Ina Garten's First Trip To France Was Stunningly Humble

Roughing it isn't the first thing that comes to mind when we think of Ina Garten, but the Barefoot Contessa knows her way around a campground. The self-taught celebrity chef, known for inspiring accessibly elegant food and décor, also knows her way around Paris, a stop on the European adventure she and her longtime husband, Jeffrey, shared in 1971. The couple, married in 1968, per People, returns to the City of Light every year, as Insider confirms, but their annual visits bear little resemblance to their first experience.

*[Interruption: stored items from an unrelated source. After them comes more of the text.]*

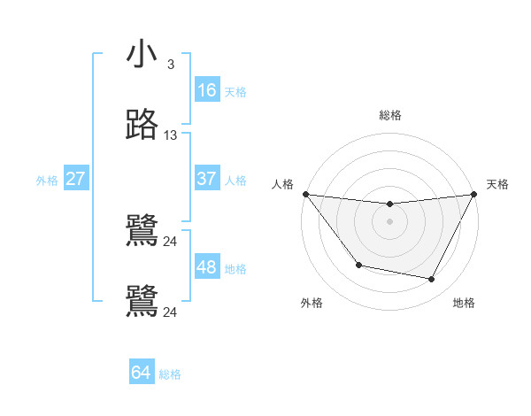 小路 鷺鷺さんの総格は64画の1点!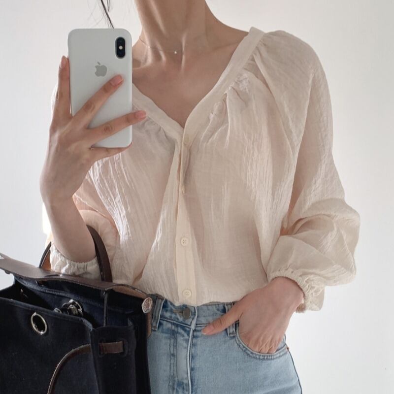 シャツ スプリングサマー薄手スリーブトップス ルーズカジュアルソリッド カラー ロング ランタンスリーブ 春物 夏物 ソリッドカラー 韓国婦人78200595296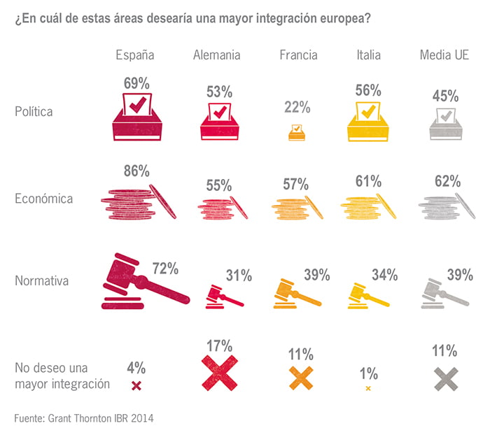 Un 86% de los encuestados en España aboga en 2014 por una mayor integración económica en la Unión Europea (8 puntos más que el año pasado). El apoyo a una mayor integración política alcanza el 69% (6 puntos más que en 2013), mientras que un 72% desearía una mayor convergencia normativa (5 puntos más que en el año anterior). Estos porcentajes resultan muy superiores a los del resto de la eurozona, donde la media de apoyo alcanza el 62% en el caso de la integración económica, el 45% en el de la política y tan solo el 39% en la convergencia normativa.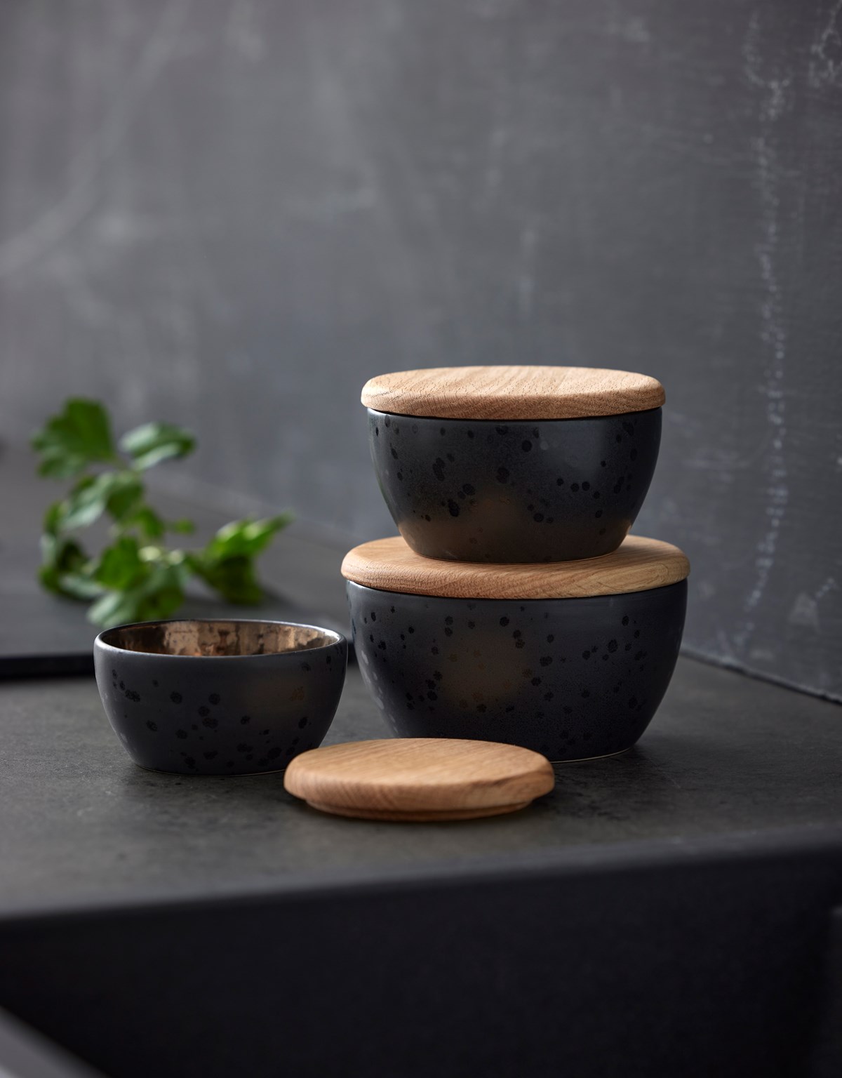 Skålar i stengods med mattglaserad utsida och vacker, blank bronsglasyr på insidan. Lock av ek. 3 skålar i storlekarna 10, 12 och 14 centimeter.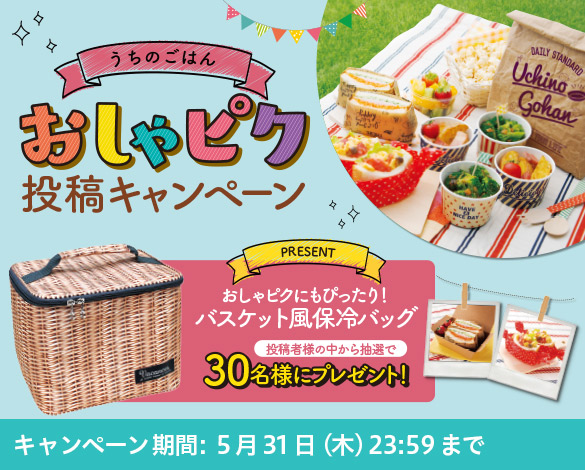 投稿してくださった方の中から抽選で、30名様に「おしゃピクにもぴったり!バスケット風保冷バッグ」が当たります。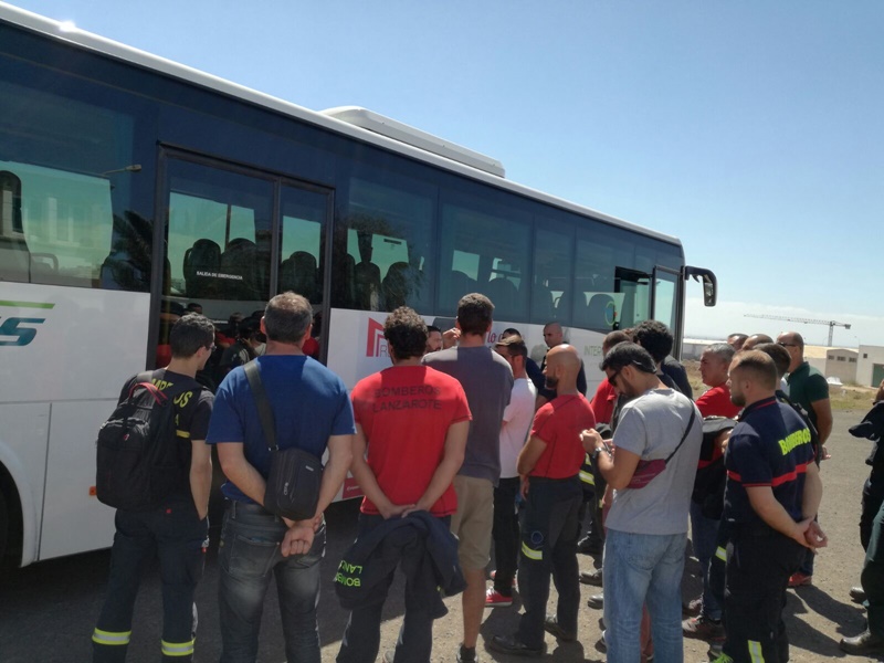El curso lo realizaron una treintena de bomberos de Lanzarote, Gran Canaria y Fuerteventura econ guaguas, remolques y camiones

"We got two tickets to Europe and brought a tent and all kinds of camping gear and a tiny camping gas stove because we literally had $5 a day," Garten explained of their initial visit on the "Dishing on Julia" podcast, via Food & Wine. That $5, according to Insider, had to cover gas, camping fees, and food. "We bought a car in Paris and spent four months camping in a Day-Glo orange tent that you couldn't stand up in," Garten told MSNBC's Willie Geist in 2021. "You had to get out of the tent to put your blue jeans on. I don't know what the other campers saw."

While Garten has long since earned celebrity for her creative and approachable recipes (she even extols the virtues of occasionally incorporating store-bought ingredients into her entertaining menus), as a newlywed, she had no idea how to turn out edible meals on a portable gas stove at a campground in France. But that all changed on a fateful day in Normandy, per Insider.

My, how things have changed

According to Insider, as the young couple set up camp at a site in Normandy, the property owner offered them leftovers from a meal she had just prepared — a pot of coq au vin, an aromatic stew made with wine-braised chicken and mushrooms. "I heated it up on my little camping gas stove and I thought, 'This is the most delicious thing I've ever eaten in my life. I need to know how to make this.'" And the rest, as they say, is history.

That one meal may have changed the trajectory of Garten's life. Upon her return home, she picked up a copy of Julie Child's "Mastering the Art of French Cooking" and set about learning to cook. Seven years later, she quit her staid job as a White House budget analyst and entered the food retail business, buying a specialty food store Barefoot Contessa in East Hampton, New York (via Forbes) and proceeding to write a number of cookbooks and star in a series of television shows. 

Fast-forward 50-plus years from that 1971 camping trip and the Gartens still love France. But these days, they travel in style. 

During a visit to Paris in 2022, Garten shared an Instagram post about how times have changed. "Now my favorite bakery is a block from our apartment and I go there all the time. If someone had told me then how things would turn out, I simply wouldn't have believed it. Frankly, there are still moments when I don't believe it!" she shared.